* What you should do
From the material below, set down exactly the lines that run from the one containing "活動前に『おいもほり』の絵本" to the one containing "Chagas disease is", minus the pictures.

* Materials provided
********************
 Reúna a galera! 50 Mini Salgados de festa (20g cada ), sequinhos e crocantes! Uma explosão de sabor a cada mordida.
********************
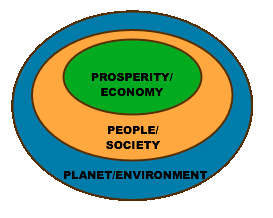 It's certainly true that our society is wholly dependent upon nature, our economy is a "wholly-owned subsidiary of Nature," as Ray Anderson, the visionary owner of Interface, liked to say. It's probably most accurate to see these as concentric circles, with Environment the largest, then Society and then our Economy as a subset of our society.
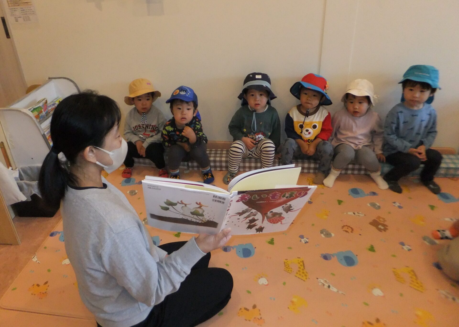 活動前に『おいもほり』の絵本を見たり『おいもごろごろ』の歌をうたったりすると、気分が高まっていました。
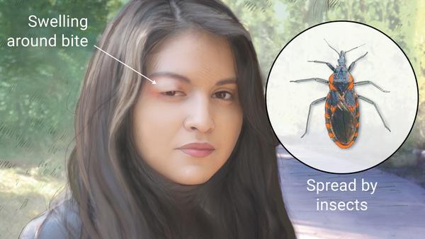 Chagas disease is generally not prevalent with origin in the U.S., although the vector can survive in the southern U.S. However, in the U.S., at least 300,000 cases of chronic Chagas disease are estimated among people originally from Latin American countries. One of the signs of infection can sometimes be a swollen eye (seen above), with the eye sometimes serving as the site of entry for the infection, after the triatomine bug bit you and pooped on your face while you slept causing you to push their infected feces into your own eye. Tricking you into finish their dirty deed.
********************
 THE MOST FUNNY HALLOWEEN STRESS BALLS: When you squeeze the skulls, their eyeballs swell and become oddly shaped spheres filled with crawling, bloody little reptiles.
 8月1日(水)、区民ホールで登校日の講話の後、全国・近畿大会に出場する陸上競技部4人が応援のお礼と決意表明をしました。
********************
* Output below
 活動前に『おいもほり』の絵本を見たり『おいもごろごろ』の歌をうたったりすると、気分が高まっていました。
 Chagas disease is generally not prevalent with origin in the U.S., although the vector can survive in the southern U.S. However, in the U.S., at least 300,000 cases of chronic Chagas disease are estimated among people originally from Latin American countries. One of the signs of infection can sometimes be a swollen eye (seen above), with the eye sometimes serving as the site of entry for the infection, after the triatomine bug bit you and pooped on your face while you slept causing you to push their infected feces into your own eye. Tricking you into finish their dirty deed.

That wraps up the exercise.